JetBlue has grown during the past seven years into a force in the discount market and is known for offering extras like television service and blue potato chips on its flights. It has key hubs in New York, Washington, Boston and Fort Lauderdale, Fla., on the East Coast and Oakland and Long Beach, Calif., on the West Coast. It does not fly from Baltimore-Washington International Thurgood Marshall Airport.

Winter weather across much of the country forced the airline to cancel almost a quarter of its flights yesterday from several cities.

The negative attention is unusual for JetBlue. The airline has ranked No. 1 overall for the past three years in one of the best known industry service rankings. Dean E. Headley, an associate professor at Wichita State University's W. Frank Barton School of Business and co-author of the Airline Quality Rating report, said JetBlue will want to fix problems fast because that is part of its corporate culture - and the bad publicity is costing it money.

"They'll recover slowly," Headley said. "They didn't anticipate the size of this mess.
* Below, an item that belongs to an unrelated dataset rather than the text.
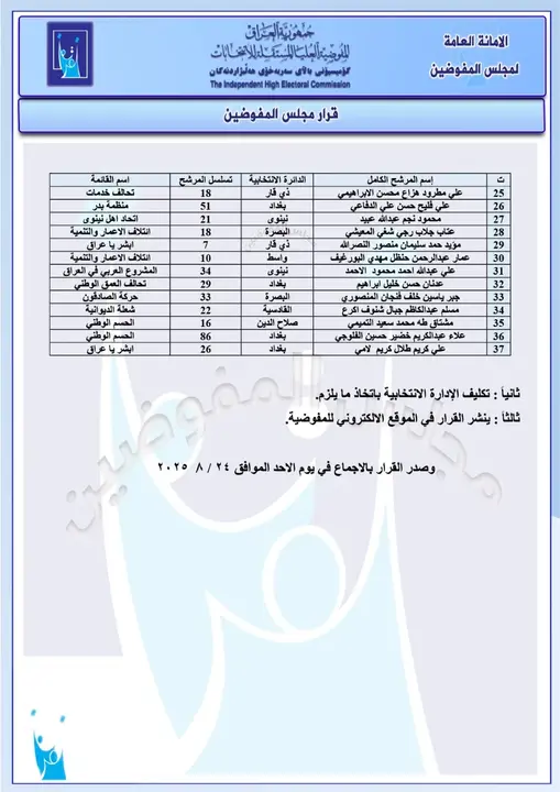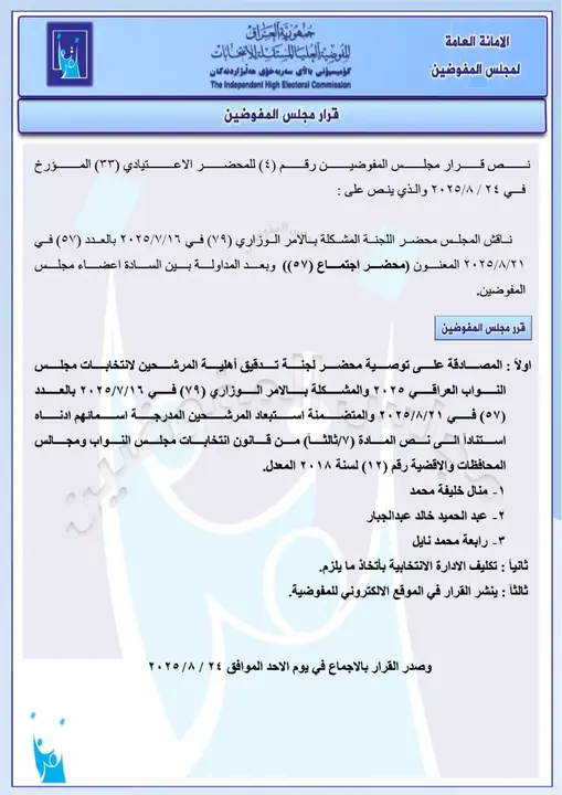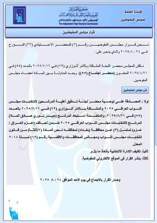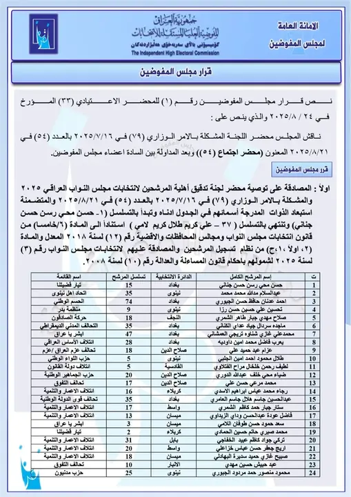 أعلنت المفوضية العليا للانتخابات اليوم الأحد (24 آب 2025) أسماء وجبة جديدة من المرشحين المستبعدين من الانتخابات النيابية المقبلة، من بينهم القيادي في تحالف العزم حيدر الملا ومحافظ كركوك السابق راكان الجبوري لمخالفته المادة (السابعة/ ثالثاً) من قانون انتخابات مجلس النواب ومجالس المحافظات والأقضية.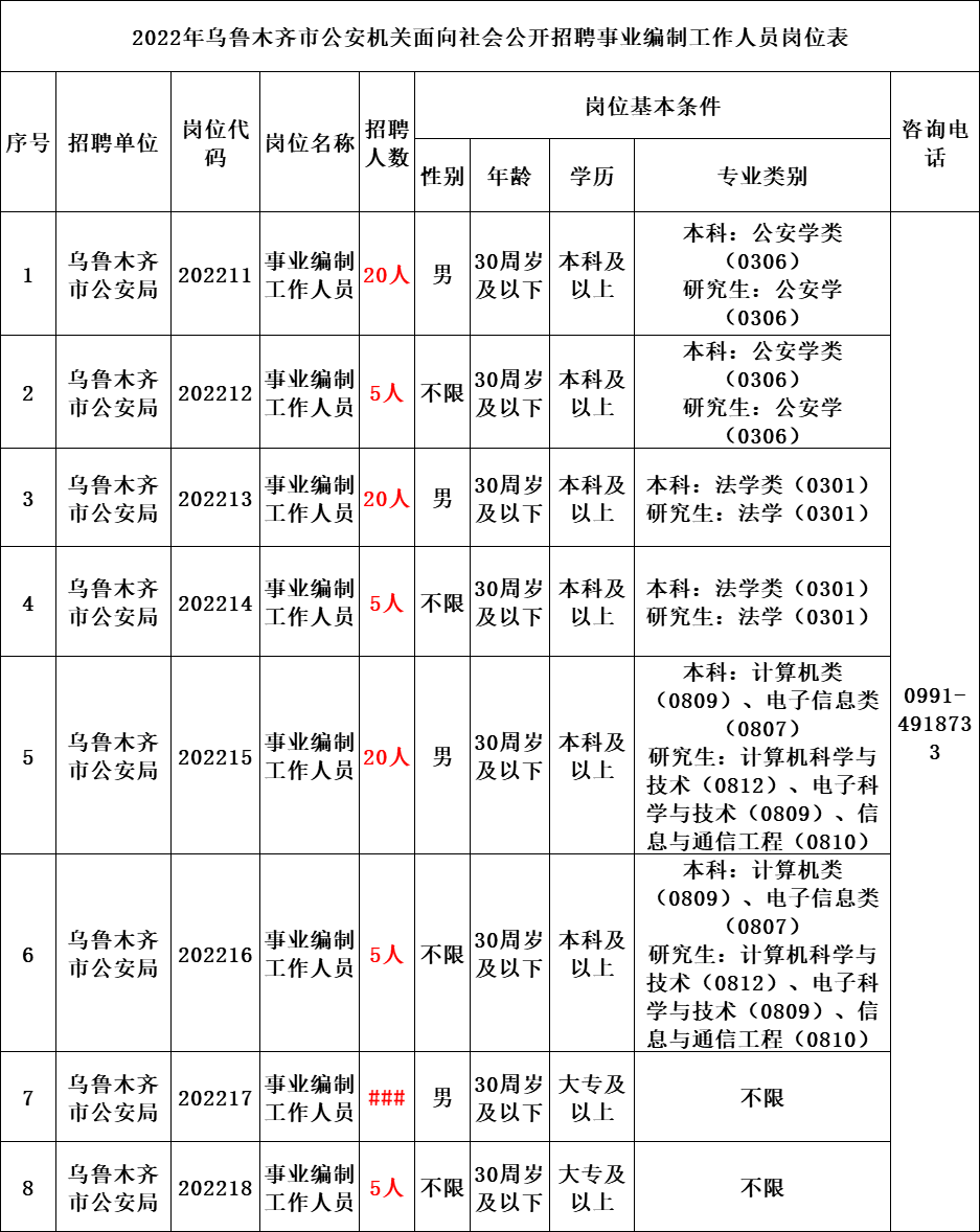 计划招聘事业编制工作人员200名,具体岗位详见《2022年乌鲁木齐市公安机关面向社会公开招聘事业编制工作人员岗位表》(以下简称《岗位表》)。

Others have been through it before, maybe not to this extent, so they know what to do. Jet- Blue should have gotten people off those planes."

In the end, Headley said that fares and schedules matter more than one bad experience. And while those on the stranded plane might be lost forever as customers, most others are not.

Some passengers might have little choice but to use an airline on which they had a bad experience because the carrier dominates the region or they are tied into a frequent-flier program and do not want to lose rewards, Headley said. Others who have had good experiences on the airline are likely to forgive one big lapse in judgment and service.

Further, Headley said, many accept that flying today just isn't fun.

In 2000, there were 5.29 mishandled bags per 1,000 customers. In 2006, there were 6.73, according to the Bureau of Transportation Statistics. Heightened security has led to new rules, longer lines and more flight delays.

Yet, complaints are dropping. In 2000, there were more than 20,560 complaints to the Federal Aviation Administration about U.S. airlines. Last year, there were 6,450.

JetBlue might have to weather complaints from this storm a little longer than usual, Headley said.

"They will lose some revenue and maybe some passengers," he said. "But they'll get the good will back."